*Task brief:* Starting at the line that contains "Kız çocukları için" and stopping at the line that contains "- Castagnola, J.L.;", transcribe every line of the material below exactly; pictures stay out.

*Given information:*
-------------------------

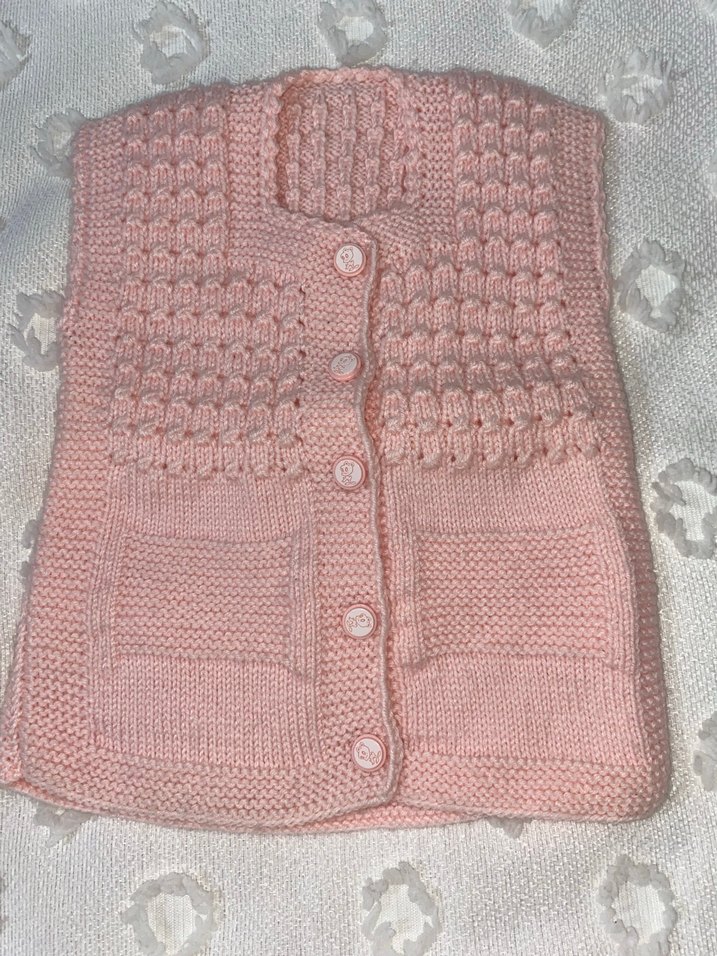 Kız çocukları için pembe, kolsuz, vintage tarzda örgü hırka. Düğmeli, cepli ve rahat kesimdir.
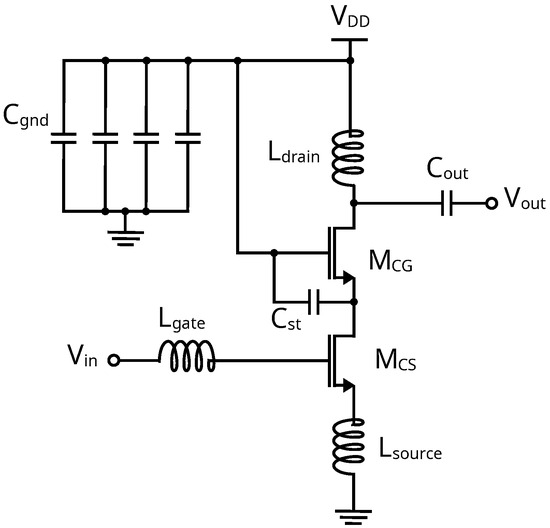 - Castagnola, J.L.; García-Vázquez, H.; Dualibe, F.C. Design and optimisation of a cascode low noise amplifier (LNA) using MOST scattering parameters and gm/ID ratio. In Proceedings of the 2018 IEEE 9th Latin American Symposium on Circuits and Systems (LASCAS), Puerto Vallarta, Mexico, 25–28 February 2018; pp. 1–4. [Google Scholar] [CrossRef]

-------------------------

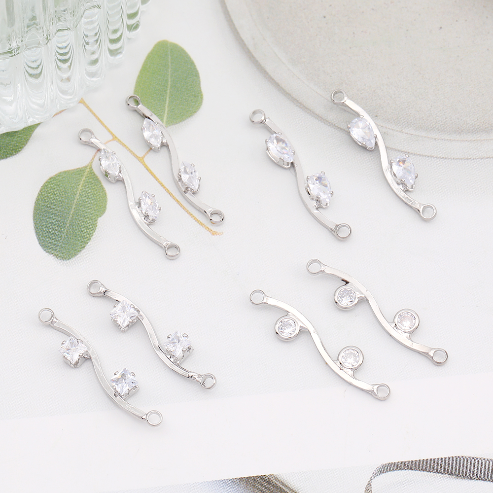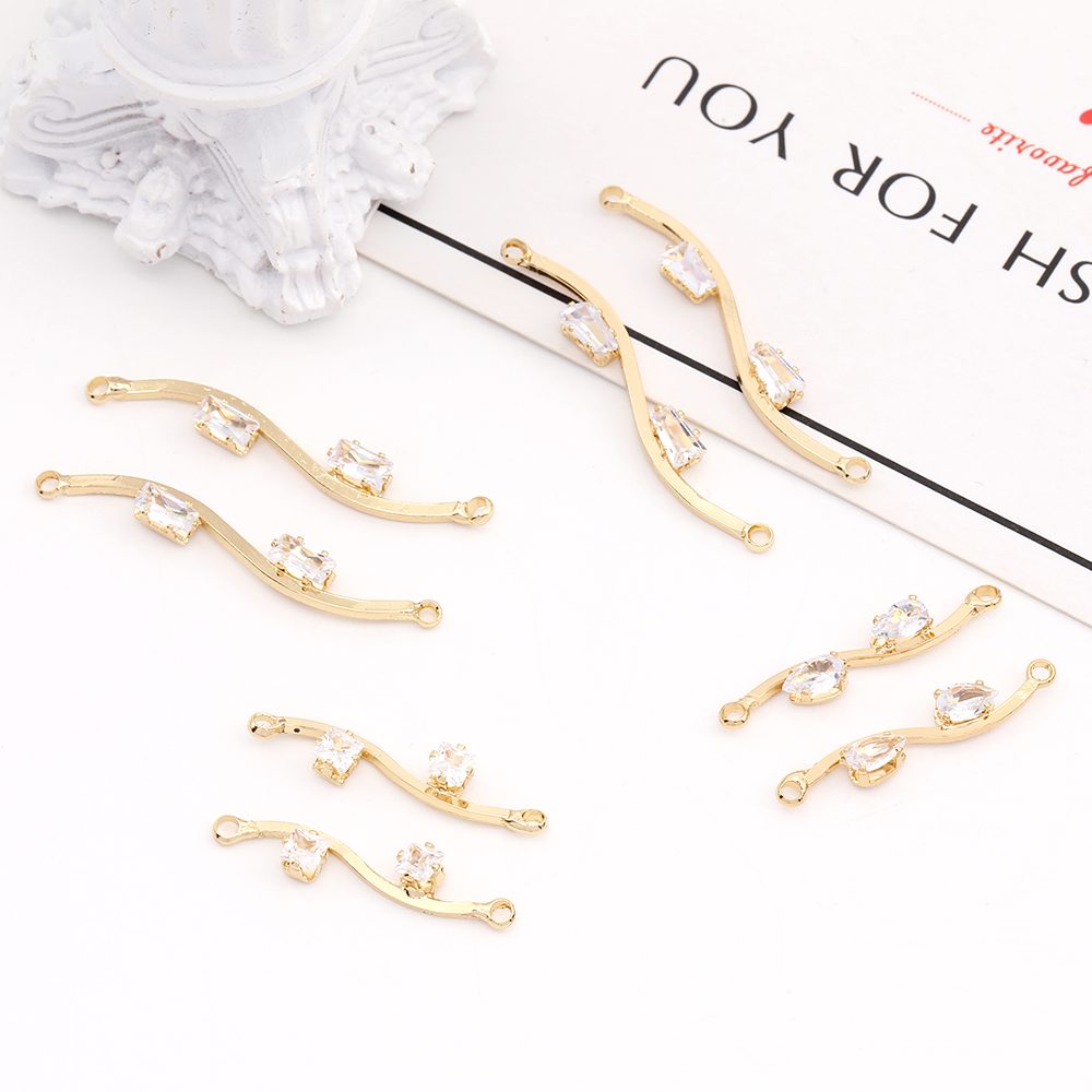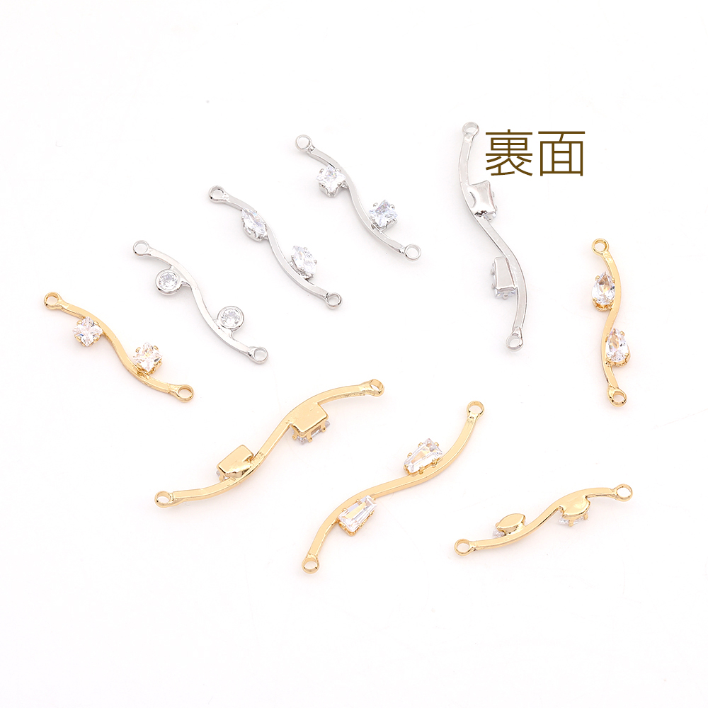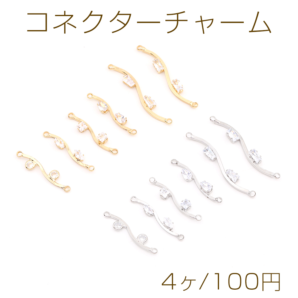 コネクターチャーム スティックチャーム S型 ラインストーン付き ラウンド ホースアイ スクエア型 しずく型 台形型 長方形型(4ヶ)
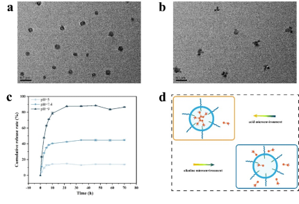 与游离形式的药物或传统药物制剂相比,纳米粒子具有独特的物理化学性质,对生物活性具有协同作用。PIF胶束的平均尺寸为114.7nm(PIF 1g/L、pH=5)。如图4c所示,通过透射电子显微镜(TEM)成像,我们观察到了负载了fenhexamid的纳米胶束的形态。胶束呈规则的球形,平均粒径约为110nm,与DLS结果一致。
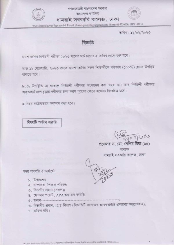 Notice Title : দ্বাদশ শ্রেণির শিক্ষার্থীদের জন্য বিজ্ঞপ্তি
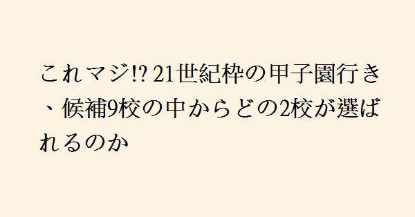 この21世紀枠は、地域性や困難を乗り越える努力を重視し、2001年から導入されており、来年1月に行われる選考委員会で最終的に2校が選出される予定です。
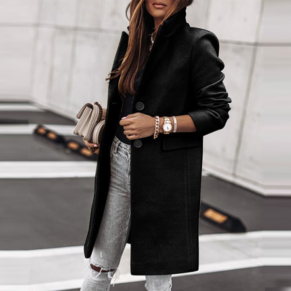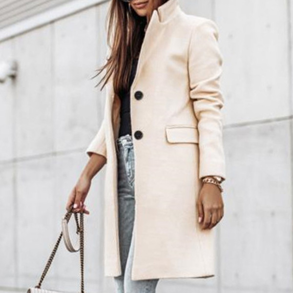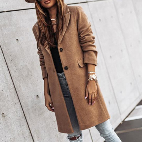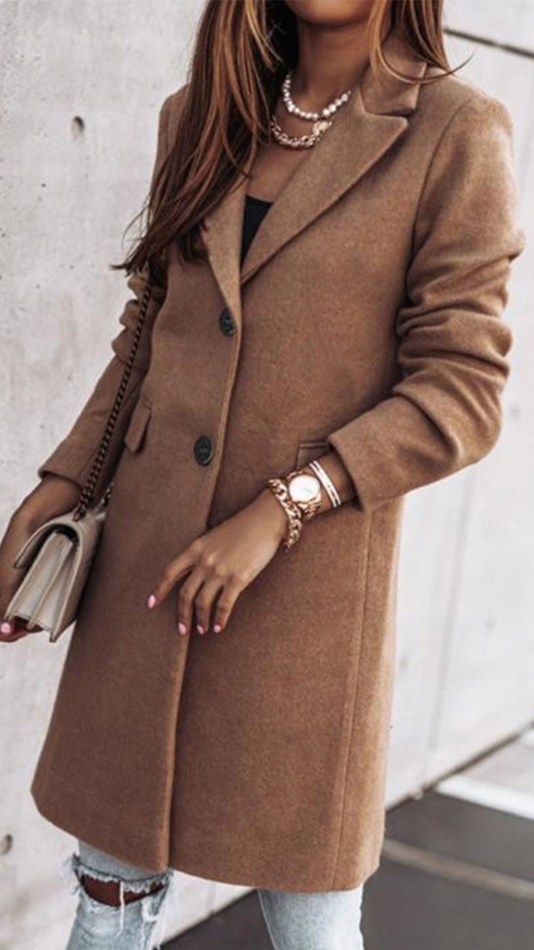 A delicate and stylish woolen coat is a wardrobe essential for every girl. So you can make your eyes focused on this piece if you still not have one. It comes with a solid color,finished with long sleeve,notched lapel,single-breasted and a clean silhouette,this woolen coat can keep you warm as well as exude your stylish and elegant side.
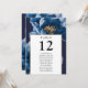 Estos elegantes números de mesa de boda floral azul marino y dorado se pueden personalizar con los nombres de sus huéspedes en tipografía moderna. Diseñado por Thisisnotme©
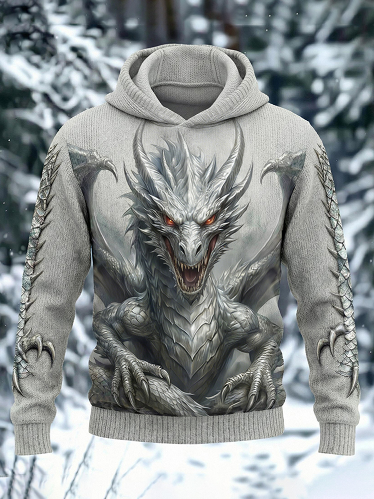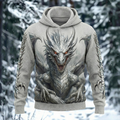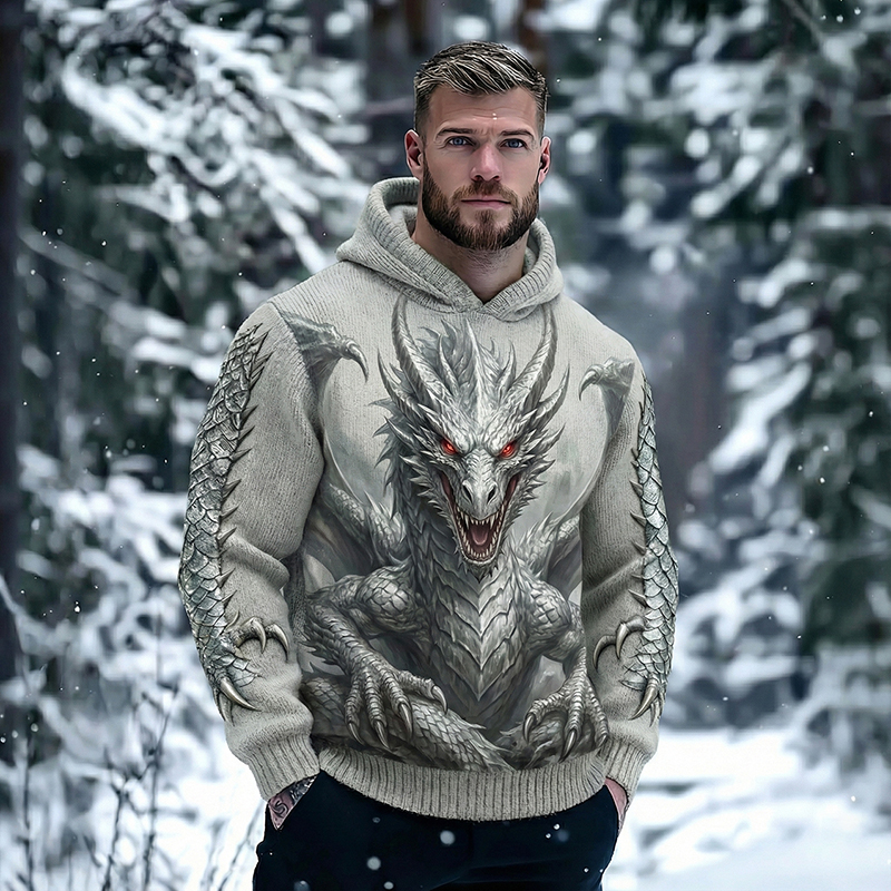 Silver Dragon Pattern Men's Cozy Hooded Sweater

-------------------------

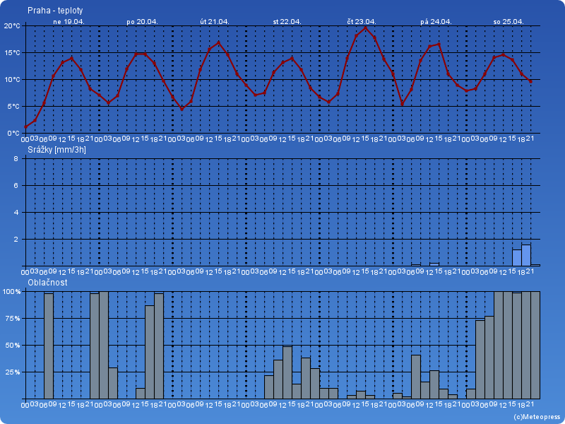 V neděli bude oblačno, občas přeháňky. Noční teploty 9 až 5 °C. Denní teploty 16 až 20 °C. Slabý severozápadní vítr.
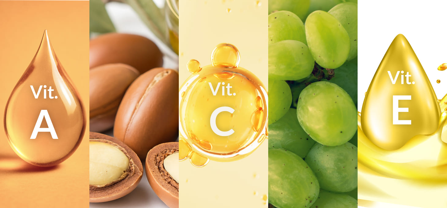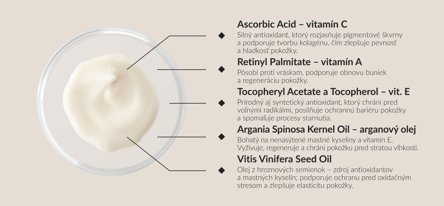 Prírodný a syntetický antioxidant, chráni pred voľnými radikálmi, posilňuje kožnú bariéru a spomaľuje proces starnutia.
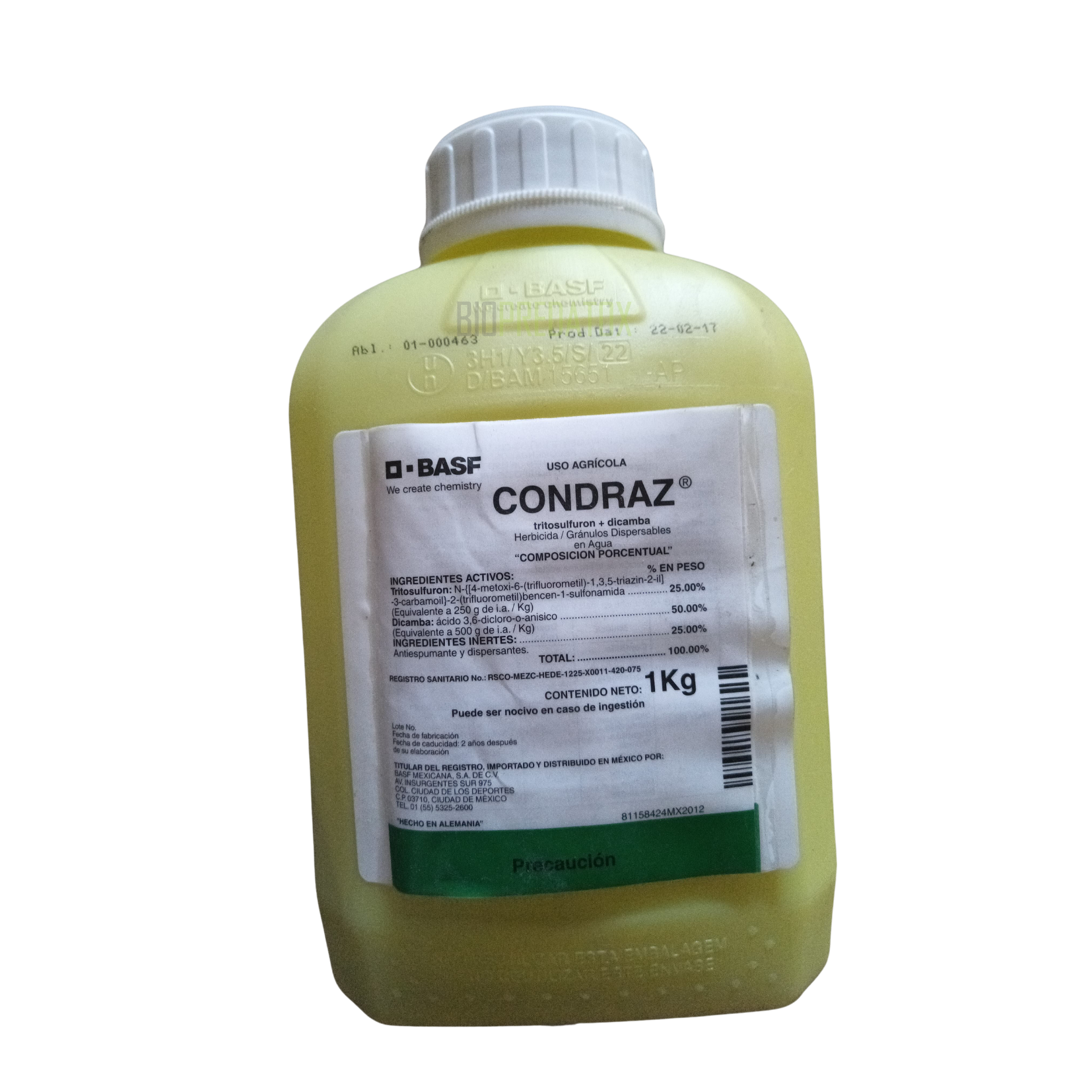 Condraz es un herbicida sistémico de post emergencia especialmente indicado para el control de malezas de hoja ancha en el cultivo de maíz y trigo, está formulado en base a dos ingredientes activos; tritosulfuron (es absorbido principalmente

-------------------------

*Response:*
 Kız çocukları için pembe, kolsuz, vintage tarzda örgü hırka. Düğmeli, cepli ve rahat kesimdir.
 - Castagnola, J.L.; García-Vázquez, H.; Dualibe, F.C. Design and optimisation of a cascode low noise amplifier (LNA) using MOST scattering parameters and gm/ID ratio. In Proceedings of the 2018 IEEE 9th Latin American Symposium on Circuits and Systems (LASCAS), Puerto Vallarta, Mexico, 25–28 February 2018; pp. 1–4. [Google Scholar] [CrossRef]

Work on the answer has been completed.